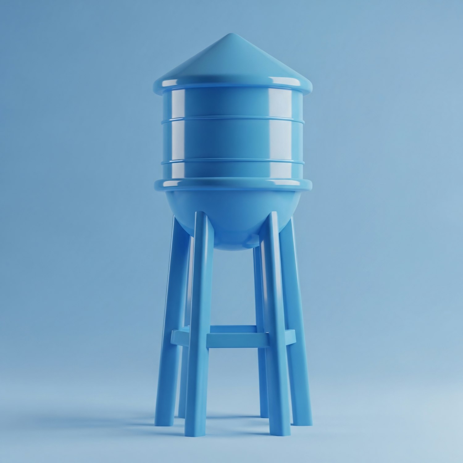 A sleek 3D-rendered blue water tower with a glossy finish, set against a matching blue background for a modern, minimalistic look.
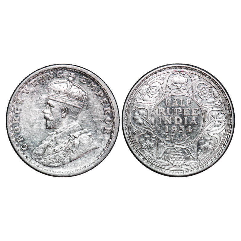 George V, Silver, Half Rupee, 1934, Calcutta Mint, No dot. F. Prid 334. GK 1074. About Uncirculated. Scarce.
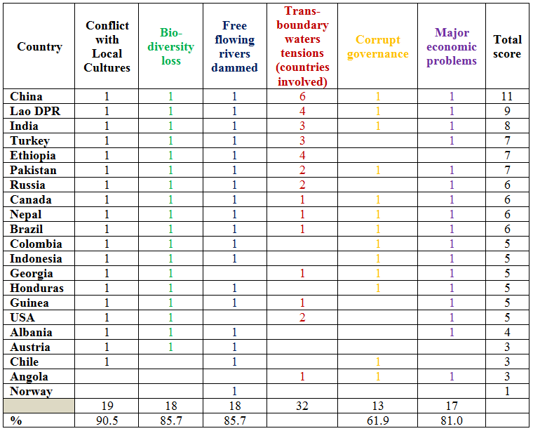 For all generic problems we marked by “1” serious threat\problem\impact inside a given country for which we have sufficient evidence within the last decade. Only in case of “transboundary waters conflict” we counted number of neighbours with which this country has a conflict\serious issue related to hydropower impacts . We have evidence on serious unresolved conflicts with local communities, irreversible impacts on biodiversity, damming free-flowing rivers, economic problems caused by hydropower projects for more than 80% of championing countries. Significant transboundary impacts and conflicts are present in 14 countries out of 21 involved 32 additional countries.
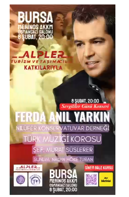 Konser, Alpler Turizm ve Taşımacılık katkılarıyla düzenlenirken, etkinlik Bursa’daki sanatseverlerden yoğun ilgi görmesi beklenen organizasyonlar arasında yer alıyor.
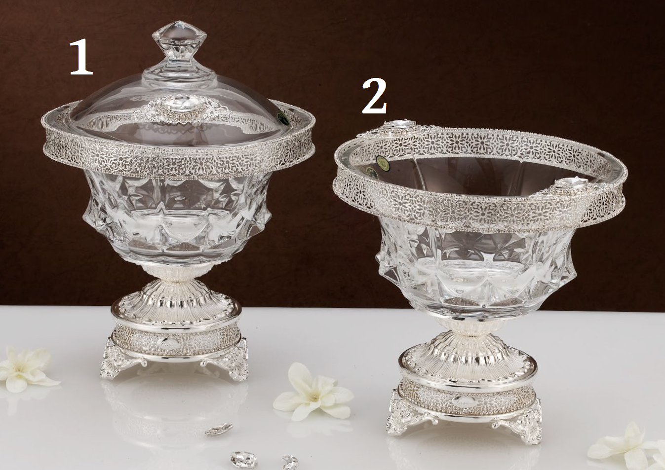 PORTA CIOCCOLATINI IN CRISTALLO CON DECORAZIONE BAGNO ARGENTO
------------
**Task objective**
Provide the listing above once more, exactly, with the pictures removed.

**Task response**
 A sleek 3D-rendered blue water tower with a glossy finish, set against a matching blue background for a modern, minimalistic look.
 George V, Silver, Half Rupee, 1934, Calcutta Mint, No dot. F. Prid 334. GK 1074. About Uncirculated. Scarce.
 For all generic problems we marked by “1” serious threat\problem\impact inside a given country for which we have sufficient evidence within the last decade. Only in case of “transboundary waters conflict” we counted number of neighbours with which this country has a conflict\serious issue related to hydropower impacts . We have evidence on serious unresolved conflicts with local communities, irreversible impacts on biodiversity, damming free-flowing rivers, economic problems caused by hydropower projects for more than 80% of championing countries. Significant transboundary impacts and conflicts are present in 14 countries out of 21 involved 32 additional countries.
 Konser, Alpler Turizm ve Taşımacılık katkılarıyla düzenlenirken, etkinlik Bursa’daki sanatseverlerden yoğun ilgi görmesi beklenen organizasyonlar arasında yer alıyor.
 PORTA CIOCCOLATINI IN CRISTALLO CON DECORAZIONE BAGNO ARGENTO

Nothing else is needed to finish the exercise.